Humble, too. Or at least polite. For in choosing to plug their latest producing effort, Focus’ Far From Heaven — a revisionist homage to the 1950s melodramas of Douglas Sirk, directed by Todd Haynes (Safe, Velvet Goldmine) and starring Julianne Moore and Dennis Quaid — they are neglecting two other films: Fox’s Solaris, a $47 million sci-fi opus directed by Soderbergh and starring Clooney, opening Nov. 27; and Miramax’s Confessions of a Dangerous Mind, a loopy biopic about Gong Show creator Chuck Barris written by Charlie Kaufman (who also penned December’s equally loopy Adaptation) and directed by Clooney himself, opening Dec. 27.

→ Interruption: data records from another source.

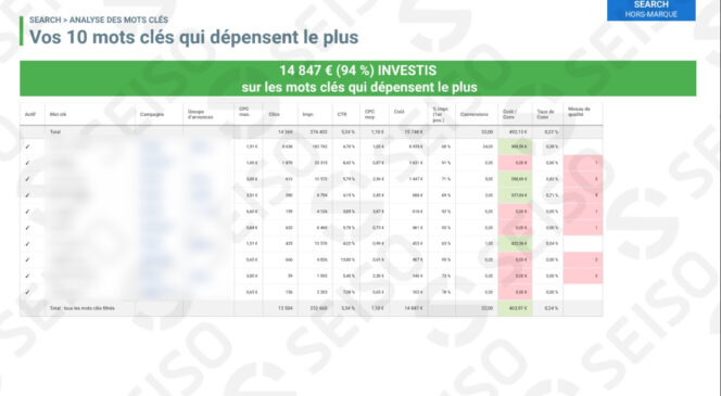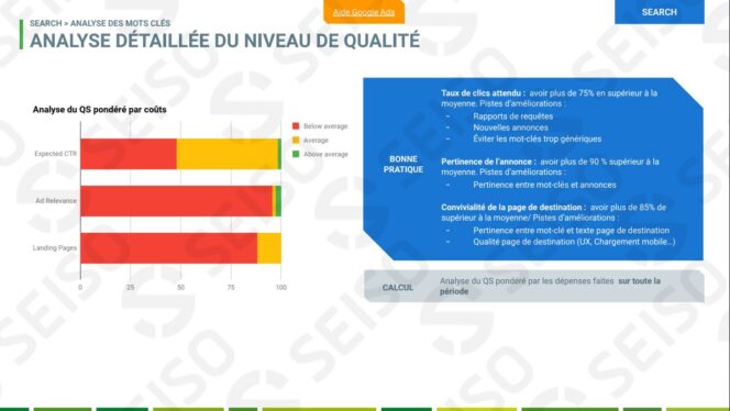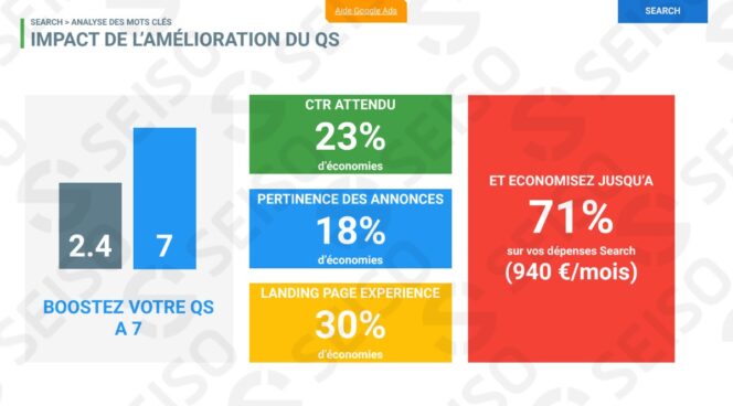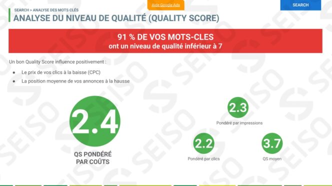 SEISO fait aussi une analyse des mots clés utilisés pour les campagnes. Dans notre cas, le quality score est souvent trop faible, et le travailler permettrait de faire baisser notre CPC, tout en faisant remonter la position de nos annonces.
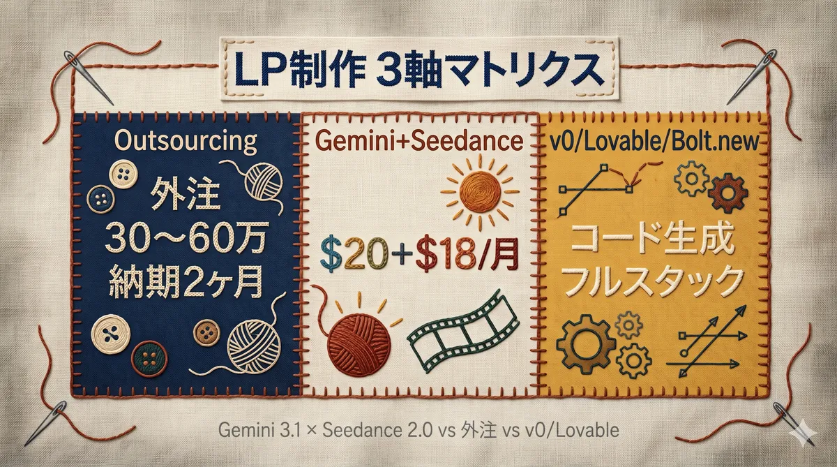 この記事の要点(30秒で読める) LP外注の相場は30〜60万、納期1〜2ヶ月、修正は2回まで無料で以降1回2万。これに毎回耐える時代は終わりつつある Gemini 3.1 Pro(月20ドル)+ Seedance 2.0(月18ドル〜)の組み合わせは、外注予算の1/100で月次運用までいける選択肢として急浮上 とはいえLP作成AIは v0 / Lovable / Bolt.new もあり、用途別に使い分けないと逆にハマる。本記事は3軸マトリクスで選定基準を出す Seedance 2.0グローバル版は20 ...
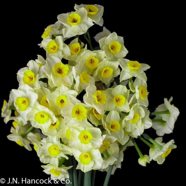 8Y-Y Outstanding larger flowered tazetta. Masses of florets per stem with lemon-yellow petals and slightly darker bowl-shaped cup. Scented. Early-mid.

The three fall releases cap a busy year for the Ocean’s Eleven director and star: Their Warner Bros.-based Section Eight fielded the summer hit Insomnia, directed by Memento’s Christopher Nolan, and the fall disappointment Welcome to Collinwood (a remake of a 1958 Italian heist comedy), directed by Joe and Anthony Russo. Separately, Soderbergh also found time to direct Miramax’s Full Frontal, an arty diversion that failed to connect with critics and audiences. ”We’re both as exhausted as can be,” says Clooney, who has just wrapped the Coen brothers’ Intolerable Cruelty (due next spring) and is now at leisure and looking for his next job. ”But it’s a good time to be busy. Everything’s in the wheelhouse for us right now.”

Soderbergh and Clooney met while working on 1998’s Out of Sight. They became fast friends. In 2000 they formed Section Eight to develop projects for themselves, and as a means to champion and protect the work of filmmakers they admire. Case in point: Far From Heaven.